- [Material supplied]:
== Segment start ==
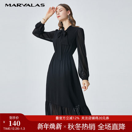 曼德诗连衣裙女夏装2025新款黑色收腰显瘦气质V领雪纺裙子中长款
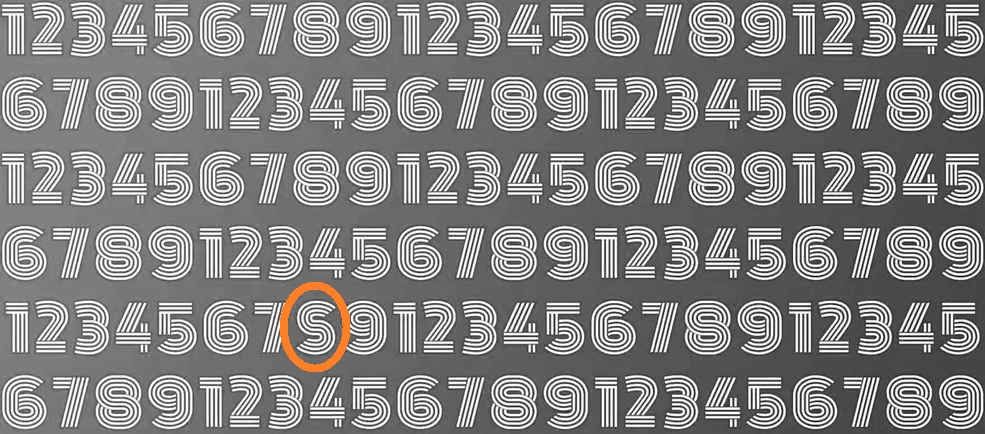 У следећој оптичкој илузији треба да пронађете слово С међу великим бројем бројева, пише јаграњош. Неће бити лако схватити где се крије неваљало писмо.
== Segment end ==
== Segment start ==
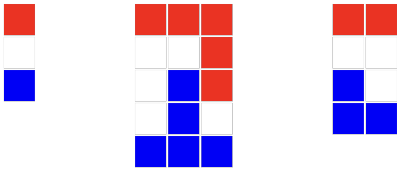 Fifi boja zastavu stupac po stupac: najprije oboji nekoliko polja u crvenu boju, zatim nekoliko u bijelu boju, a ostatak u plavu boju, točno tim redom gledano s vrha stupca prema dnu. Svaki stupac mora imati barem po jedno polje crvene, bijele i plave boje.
== Segment end ==
- [Your goal]: Excluding any pictures, print exactly the lines of the listing above from the line with "曼德诗连衣裙女夏装2025新款黑色收腰显瘦气质V领雪纺裙子中长款" to the line with "У следећој оптичкој", both ends included.

- [Your solution]:
 曼德诗连衣裙女夏装2025新款黑色收腰显瘦气质V领雪纺裙子中长款
 У следећој оптичкој илузији треба да пронађете слово С међу великим бројем бројева, пише јаграњош. Неће бити лако схватити где се крије неваљало писмо.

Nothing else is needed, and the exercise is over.